▶ [DATASET EXTRACT]
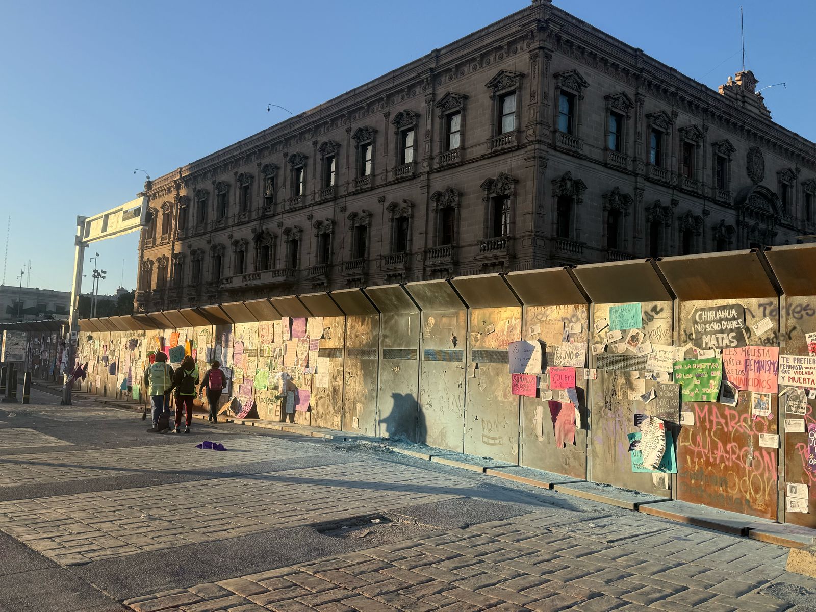 Continúan retirando las placas de protección en el Congreso del Estado de Chihuahua, a dos semanas de la marcha del 8M
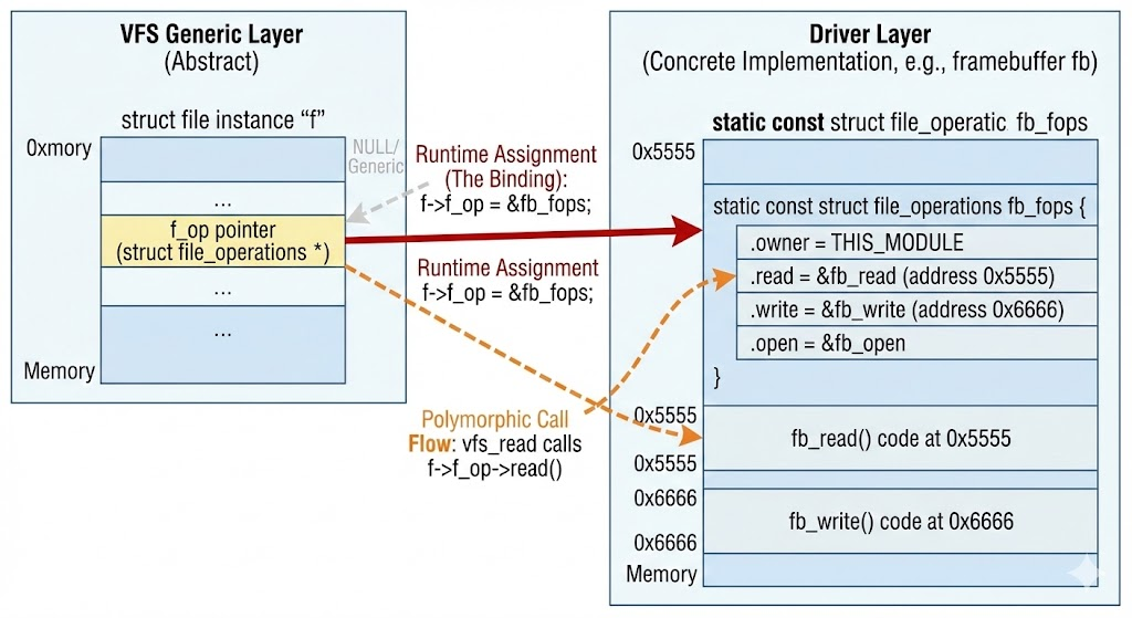 这就是多态! vfs_read 函数根本不在乎它读的是什么,它只管调用 f_op->read。
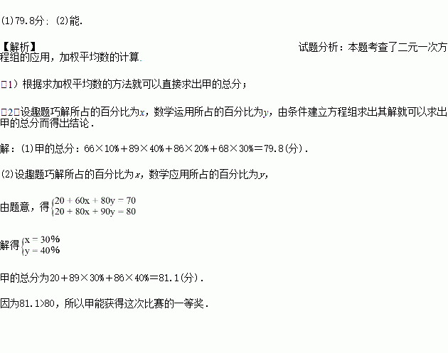 (2)±¾´Î´óÈü×éί»á×îºó¾ö¶¨£¬×Ü·ÖÔÚ80·ÖÒÔÉÏ(°üÀ¨80·Ö)µÄѧÉú»ñÒ»µÈ½±£®ÏÖ»ñϤÒÒ¡¢±ûµÄ×Ü·Ö·Ö±ðÊÇ70·Ö¡¢80·Ö£¬¼×µÄÆßÇÉ°åÆ´Í¼¡¢Ä§·½¸´ÔÁ½ÏîµÄµÃ·ÖÕÛËãºóµÄ·ÖÊýºÍÊÇ20·Ö£¬¼×ÄÜ·ñ»ñµÃÕâ´Î±ÈÈüµÄÒ»µÈ½±£¿
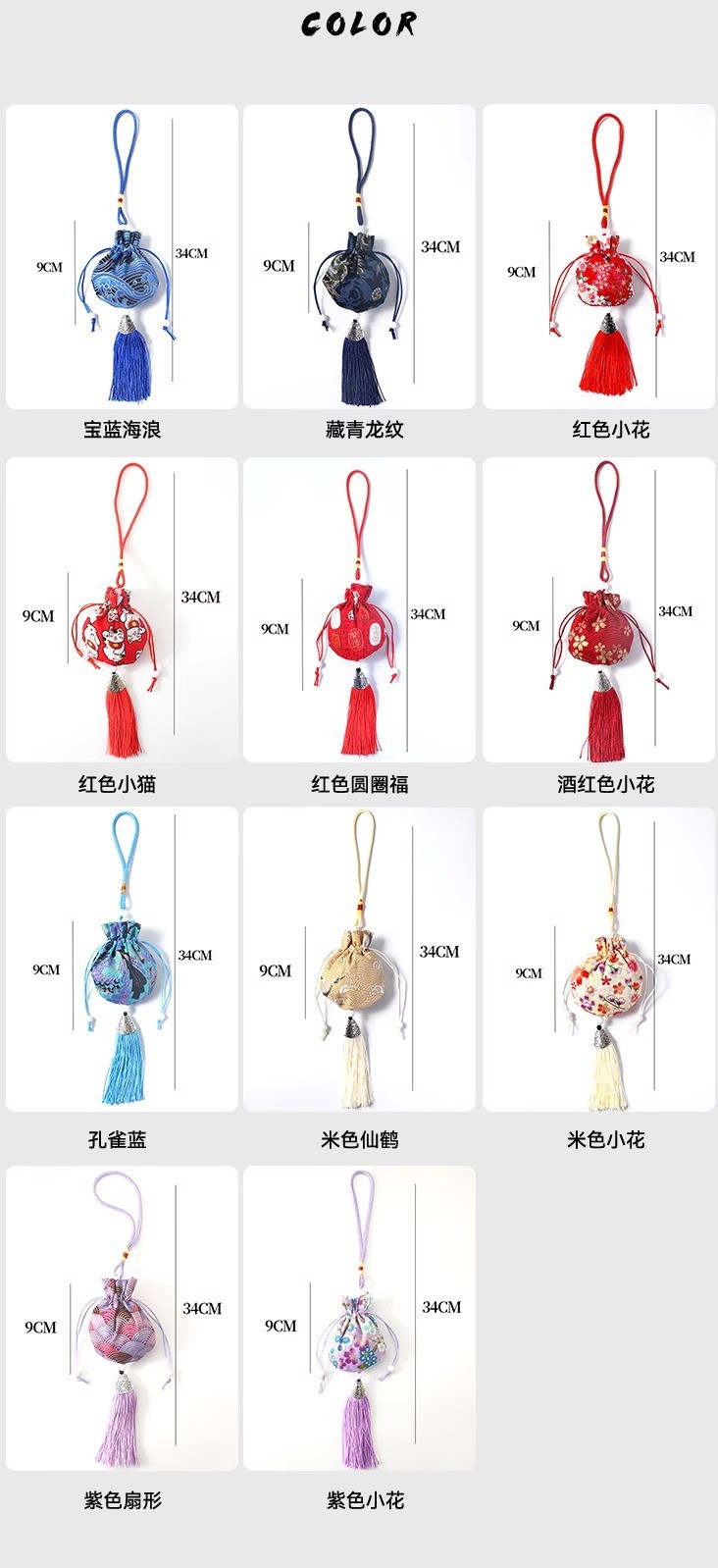 | Color | Olas azules (34 * 9 cm), patrón de dragón azul tibetano (34 * 9 cm), flores rojas (34 * 9 cm), gatito rojo (34 * 9 cm), círculo rojo Fu (34 * 9 cm), flores rojas (34 * 9 cm), azul pavón (34 * 9 cm), grúa beige (34 * 9 cm), flores beige (34 * 9 cm), abanico púrpura (34 * 9 cm), flores púrpura (34 * 9 cm) |

▶ [TASK TO CARRY OUT] Return the lines of the data above in full and exactly, with no pictures.

▶ [EXERCISE RESULT]
 Continúan retirando las placas de protección en el Congreso del Estado de Chihuahua, a dos semanas de la marcha del 8M
 这就是多态! vfs_read 函数根本不在乎它读的是什么,它只管调用 f_op->read。
 (2)±¾´Î´óÈü×éί»á×îºó¾ö¶¨£¬×Ü·ÖÔÚ80·ÖÒÔÉÏ(°üÀ¨80·Ö)µÄѧÉú»ñÒ»µÈ½±£®ÏÖ»ñϤÒÒ¡¢±ûµÄ×Ü·Ö·Ö±ðÊÇ70·Ö¡¢80·Ö£¬¼×µÄÆßÇÉ°åÆ´Í¼¡¢Ä§·½¸´ÔÁ½ÏîµÄµÃ·ÖÕÛËãºóµÄ·ÖÊýºÍÊÇ20·Ö£¬¼×ÄÜ·ñ»ñµÃÕâ´Î±ÈÈüµÄÒ»µÈ½±£¿
 | Color | Olas azules (34 * 9 cm), patrón de dragón azul tibetano (34 * 9 cm), flores rojas (34 * 9 cm), gatito rojo (34 * 9 cm), círculo rojo Fu (34 * 9 cm), flores rojas (34 * 9 cm), azul pavón (34 * 9 cm), grúa beige (34 * 9 cm), flores beige (34 * 9 cm), abanico púrpura (34 * 9 cm), flores púrpura (34 * 9 cm) |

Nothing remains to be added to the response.